* TASK DIRECTIONS
Please output exactly the lines below, starting at the line that has "The electric field" and ending at the line that has "New Unique 14K", both included; leave out all pictures and include nothing else.

* SOURCE MATERIAL
######

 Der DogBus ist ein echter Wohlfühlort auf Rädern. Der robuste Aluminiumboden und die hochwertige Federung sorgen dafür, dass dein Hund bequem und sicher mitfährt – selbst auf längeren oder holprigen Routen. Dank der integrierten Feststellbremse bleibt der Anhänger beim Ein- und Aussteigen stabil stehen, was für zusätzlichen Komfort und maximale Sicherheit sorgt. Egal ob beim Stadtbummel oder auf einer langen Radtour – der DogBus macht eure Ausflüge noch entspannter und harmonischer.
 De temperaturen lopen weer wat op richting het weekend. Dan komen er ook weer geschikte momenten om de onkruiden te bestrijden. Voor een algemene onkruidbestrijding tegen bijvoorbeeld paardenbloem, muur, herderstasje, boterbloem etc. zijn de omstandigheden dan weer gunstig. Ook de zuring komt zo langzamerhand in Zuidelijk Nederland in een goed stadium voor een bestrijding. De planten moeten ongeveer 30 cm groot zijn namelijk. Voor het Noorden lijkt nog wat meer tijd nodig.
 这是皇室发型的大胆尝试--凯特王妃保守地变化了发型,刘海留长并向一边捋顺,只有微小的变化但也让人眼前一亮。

######

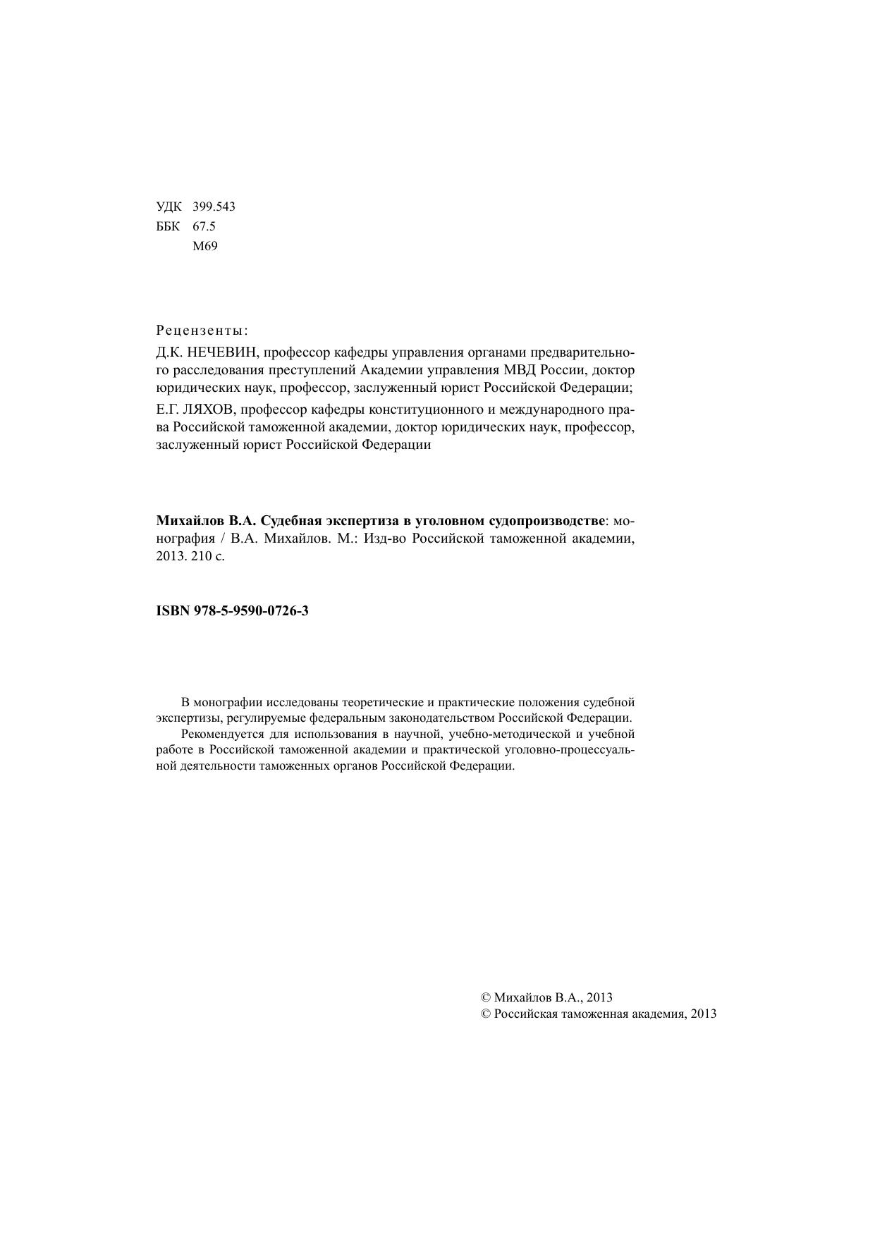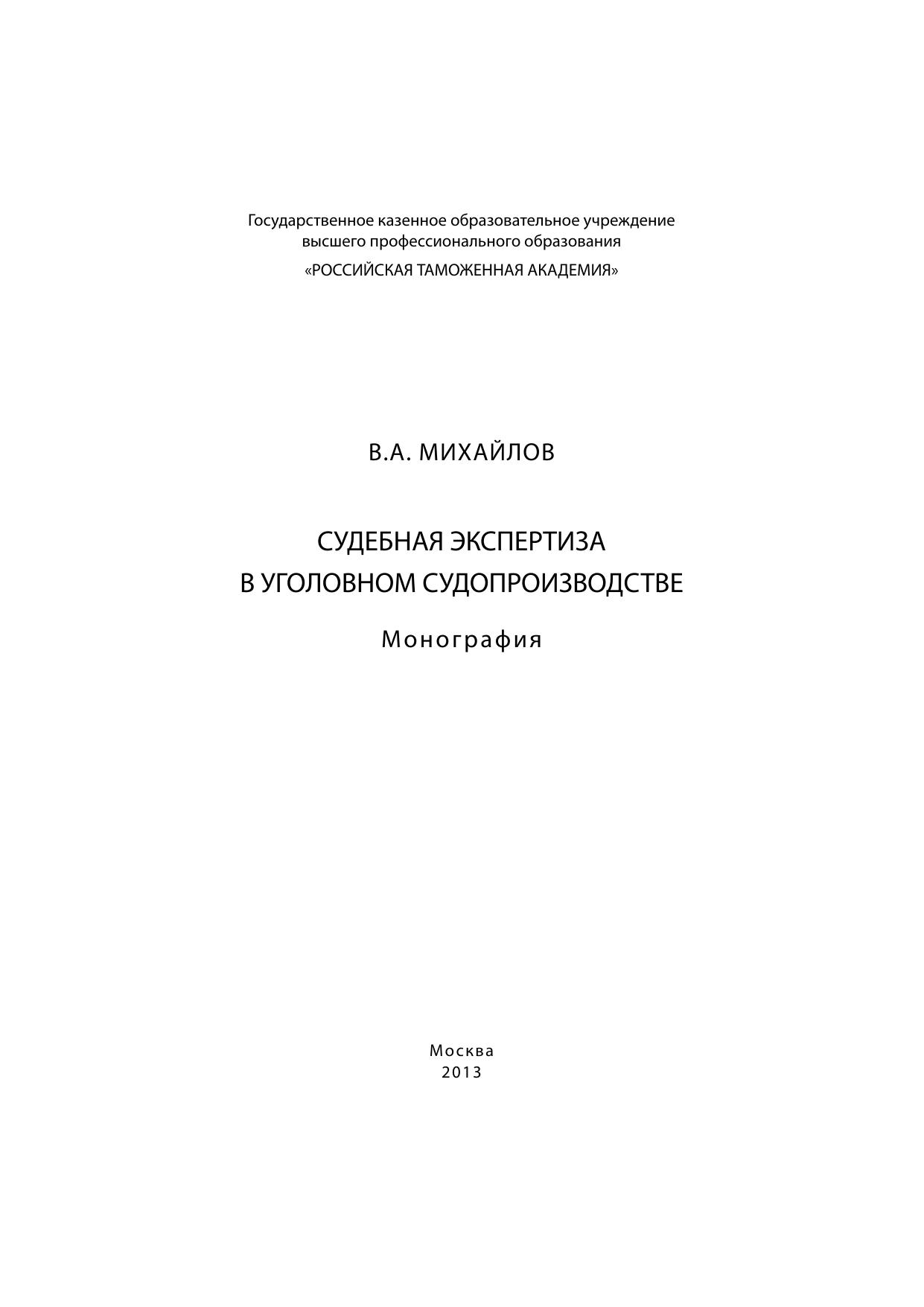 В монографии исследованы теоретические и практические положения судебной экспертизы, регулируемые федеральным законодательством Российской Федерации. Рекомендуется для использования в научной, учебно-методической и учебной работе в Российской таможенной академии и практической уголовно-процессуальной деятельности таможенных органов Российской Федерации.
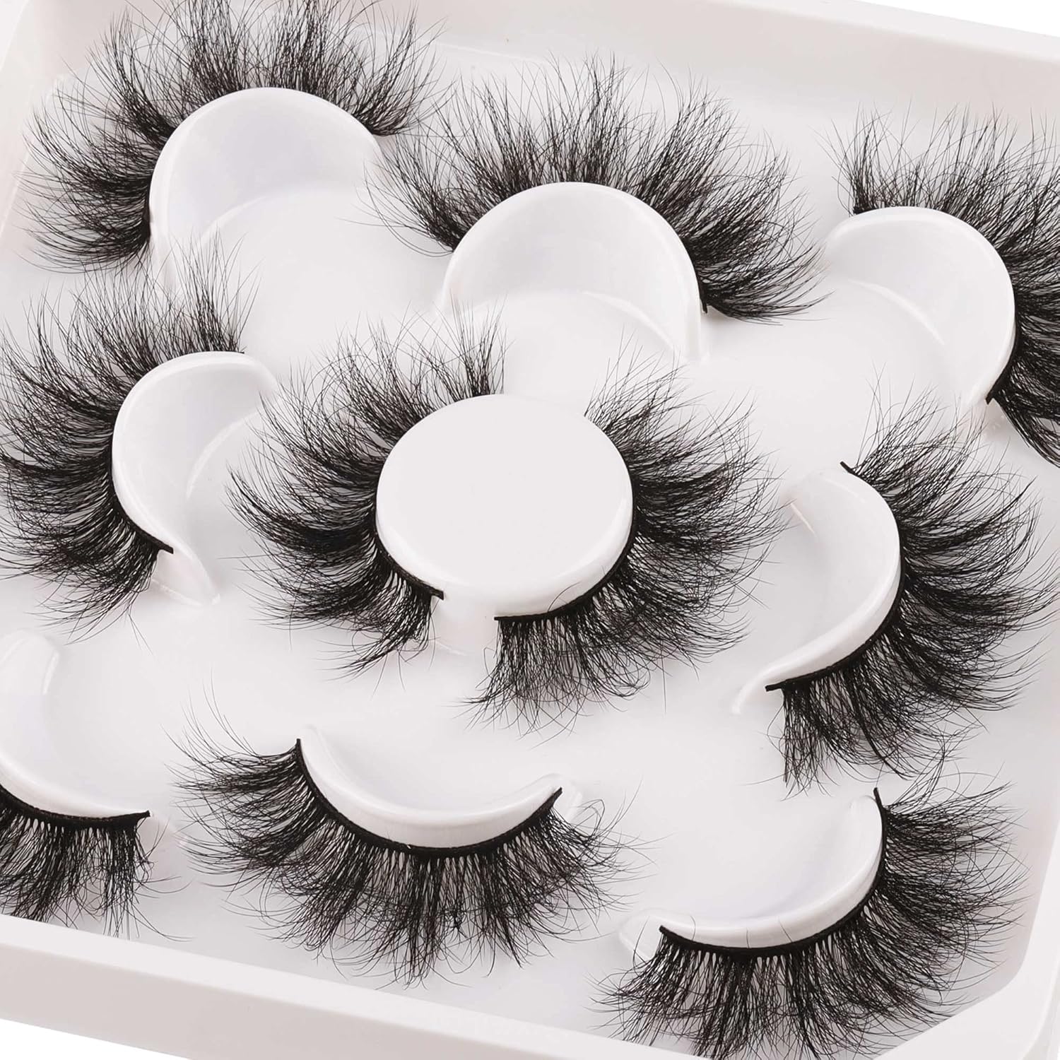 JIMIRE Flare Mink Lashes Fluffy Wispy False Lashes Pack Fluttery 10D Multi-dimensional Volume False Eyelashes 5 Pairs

######

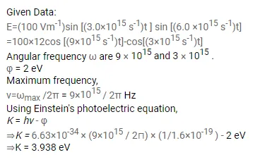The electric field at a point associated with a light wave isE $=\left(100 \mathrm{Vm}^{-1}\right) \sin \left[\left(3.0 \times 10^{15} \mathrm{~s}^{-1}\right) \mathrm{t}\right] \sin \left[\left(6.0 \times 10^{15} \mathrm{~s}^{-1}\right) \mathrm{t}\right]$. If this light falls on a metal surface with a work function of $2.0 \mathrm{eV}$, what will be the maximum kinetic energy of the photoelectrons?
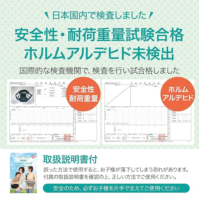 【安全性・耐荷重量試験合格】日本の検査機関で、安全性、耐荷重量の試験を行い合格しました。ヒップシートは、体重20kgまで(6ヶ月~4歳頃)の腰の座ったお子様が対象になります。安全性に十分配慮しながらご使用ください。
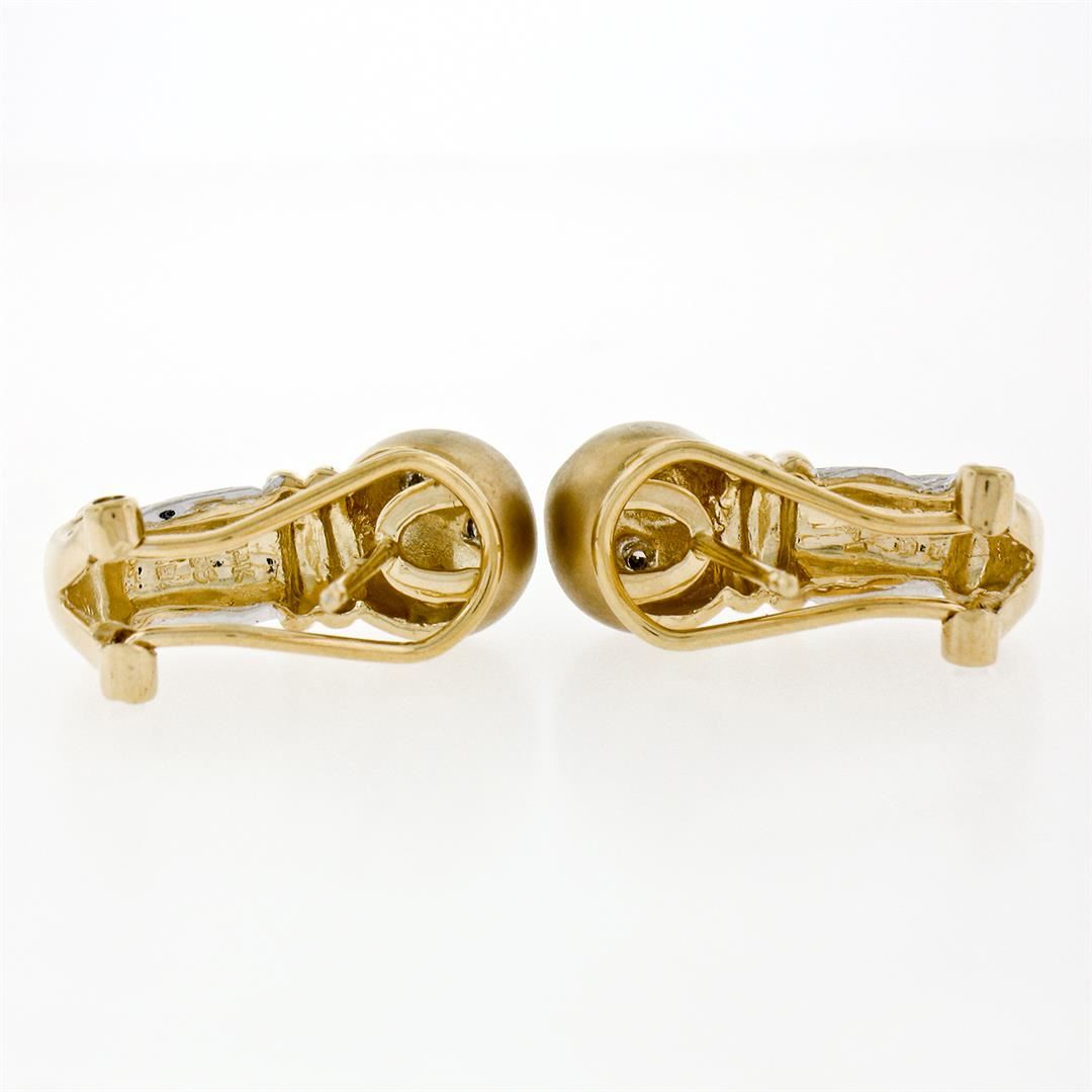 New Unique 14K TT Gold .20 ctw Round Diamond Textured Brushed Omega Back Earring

######

* WRITTEN RESPONSE
The electric field at a point associated with a light wave isE $=\left(100 \mathrm{Vm}^{-1}\right) \sin \left[\left(3.0 \times 10^{15} \mathrm{~s}^{-1}\right) \mathrm{t}\right] \sin \left[\left(6.0 \times 10^{15} \mathrm{~s}^{-1}\right) \mathrm{t}\right]$. If this light falls on a metal surface with a work function of $2.0 \mathrm{eV}$, what will be the maximum kinetic energy of the photoelectrons?
 【安全性・耐荷重量試験合格】日本の検査機関で、安全性、耐荷重量の試験を行い合格しました。ヒップシートは、体重20kgまで(6ヶ月~4歳頃)の腰の座ったお子様が対象になります。安全性に十分配慮しながらご使用ください。
 New Unique 14K TT Gold .20 ctw Round Diamond Textured Brushed Omega Back Earring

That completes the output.